In the case of \(P^{3-}\), the greater number of electrons result in increased electron-electron repulsion which eventually overshadows the attraction, expanding the ion's size.

Electron-electron repulsion occurs when electrons repel each other because they all carry a negative charge. This repulsion is a prominent factor when an atom gains electrons, as seen in the formation of ions.
For a phosphorus ion (\(P^{3-}\)), additional electrons increase repulsion forces among all electrons in the atom, particularly those in the farthest shells. This repulsion pushes the electrons further apart, resulting in a larger atomic or ionic radius.
In simple terms, the more crowded the electron shells become due to the addition of electrons, the more they repel each other, causing the atom or ion to expand in size.

The ionic radius is the measure of an ion's size, influencing how ions fit into crystal structures in different compounds. It changes compared to the neutral atom's radius when an atom gains or loses electrons.
When electrons are added to form a negative ion, like \(P^{3-}\), the ionic radius increases. This is due to the extra electrons increasing repulsion forces among negative charges, facilitating an expansion of the electron cloud.
Thus, a larger ionic radius in \(P^{3-}\) compared to a neutral phosphorus atom means that the ion is physically larger because of enhanced repulsive forces between the added electrons.

The phosphorus ion, \(P^{3-}\), is created when a neutral phosphorus atom gains three electrons. This changes the electron count from 15 to 18, while the number of protons remains the same at 15.
The addition of these electrons occurs in the outermost shell, increasing repulsion among electrons as they try to fit into the same orbital levels. This enhancement in electron-electron repulsion causes the ionic radius to grow, making \(P^{3-}\) larger than its neutral counterpart.
The charge of \(P^{3-}\) means there is more negative charge than positive in the ion, intensifying the repulsive forces further.

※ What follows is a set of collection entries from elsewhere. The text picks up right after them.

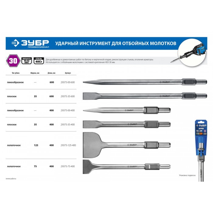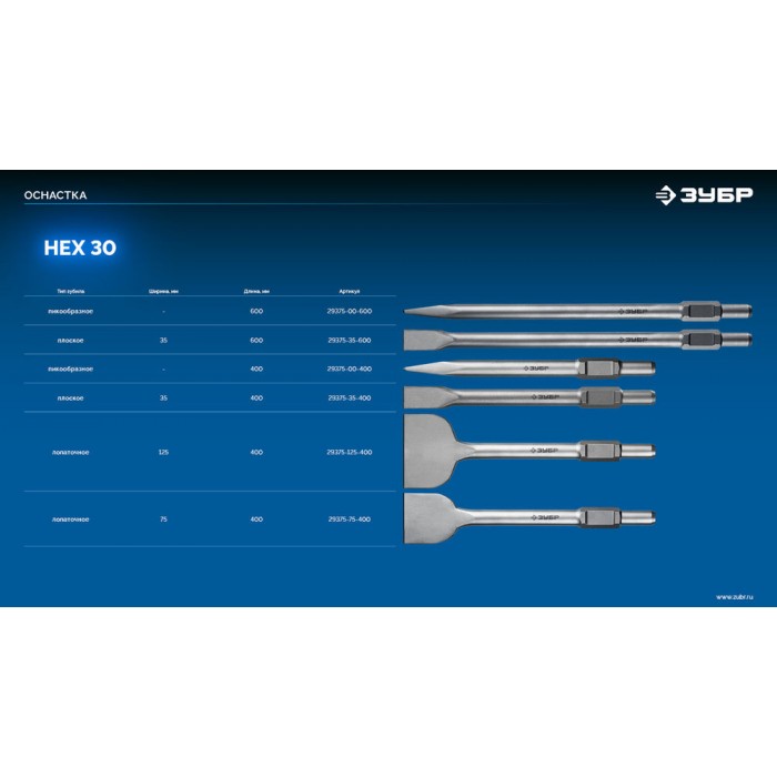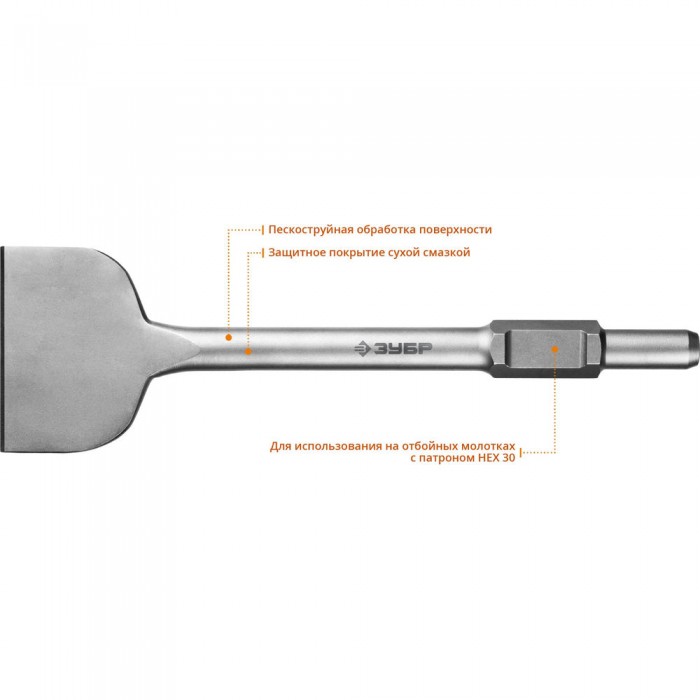 Зубило лопаточное 125 x 400 мм HEX 30 ЗУБР БУРАН 29375-125-400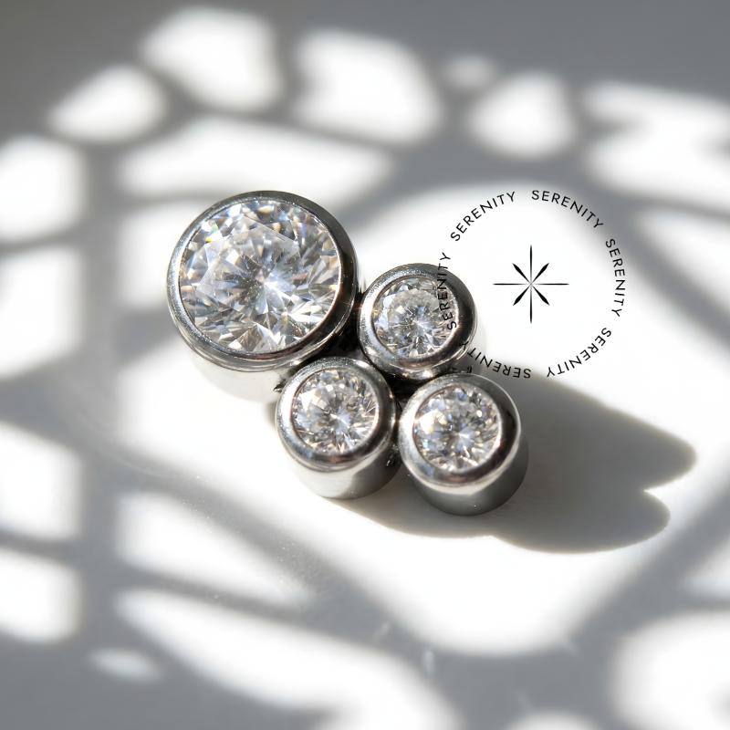 • Titânio ASTM F-136: Este tipo de titânio é amplamente utilizado em implantes médicos devido à sua biocompatibilidade, leveza e resistência à corrosão. Por não conter níquel, é seguro para a pele e ideal para pessoas sensíveis a alergias. Além disso, é a melhor opção para primeiras perfurações, pois promove uma cicatrização muito mais rápida em comparação com o aço 316L. O titânio também pode ser anodizado em várias cores, tornando-se uma excelente escolha para quem busca adicionar mais estilo às suas joias.
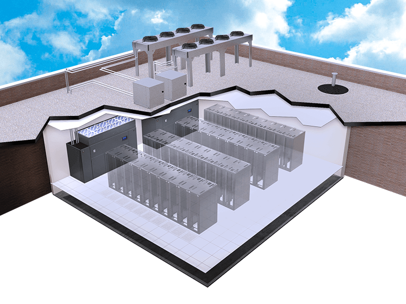 The unit’s variable-speed evaporator fans, condenser fans and digital scroll compressors automatically adjust to match IT load and optimize energy usage. The unit can engage backup DX for additional capacity if needed.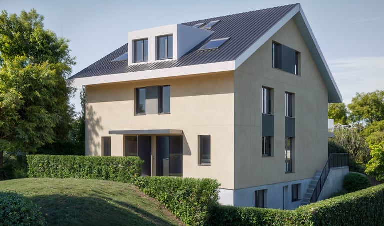 Deux villas neuves à Épalinges. Lumière, verdure, tranquillité. Finitions au gré de l'acquéreur. Livraison automne 2026, directement du propriétaire. Agences s'abstenir !
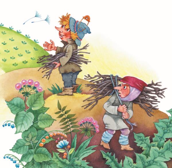 А Хёрбе как ни в чём не бывало отправился дальше. Дорожка, протоптанная гномами, привела его на дальний конец Ближнего леса. Там жили два гнома – Дитрих Корешок и Кайль Хромоножка. Они сидели на пороге и занимались делом. Дитрих, большой знаток трав и кореньев, толок в каменной ступе лепестки цветка арники. А столяр Кайль, которому в молодости берёзовым сучком повредило ногу, лущил лесные орешки.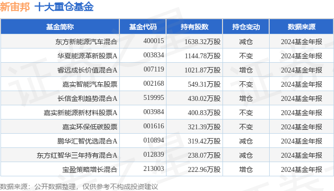 持有新宙邦最多的基金为东方新能源汽车混合,目前规模为87.36亿元,最新净值2.0965(3月25日),较上一交易日下跌0.2%,近一年上涨13.5%。该基金现任基金经理为李瑞。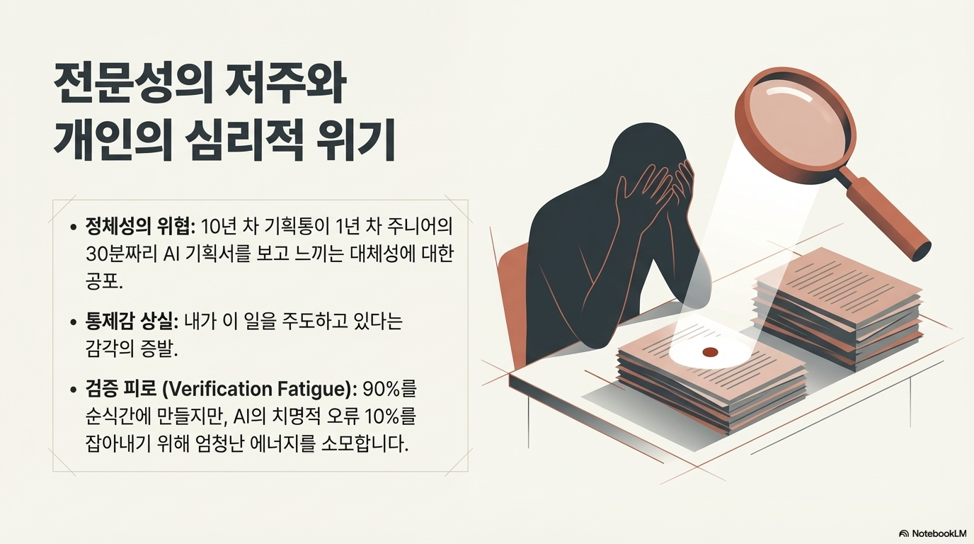 10년 동안 기획 통으로 불리던 베테랑은 1년 차 신입이 AI로 30분 만에 뽑아온 고퀄리티 기획안을 보며 밤잠을 설치기도 합니다. 자신이 평생 쌓아온 전문성이 대체될 수 있다는 공포는 AI 활용에 대한 심리적 저항으로 이어지며, 이는 팀 내 미묘한 불신의 씨앗이 됩니다.

A neutral phosphorus atom is one where the number of protons equals the number of electrons, both being 15 in phosphorus. This balance means the atom has no overall charge, aligning the forces between the protons and electrons evenly.
Phosphorus, like many elements, strives to reach a stable electron configuration, often similar to the nearest noble gas. Achieving this stability can mean gaining, losing, or sharing electrons, such as in the formation of ions like \(P^{3-}\).
In a neutral state, phosphorus maintains Coulombic attraction between its own protons and electrons efficiently, without the additional electron-electron repulsion that larger ions like \(P^{3-}\) experience, keeping it at a smaller size compared to its ionic form.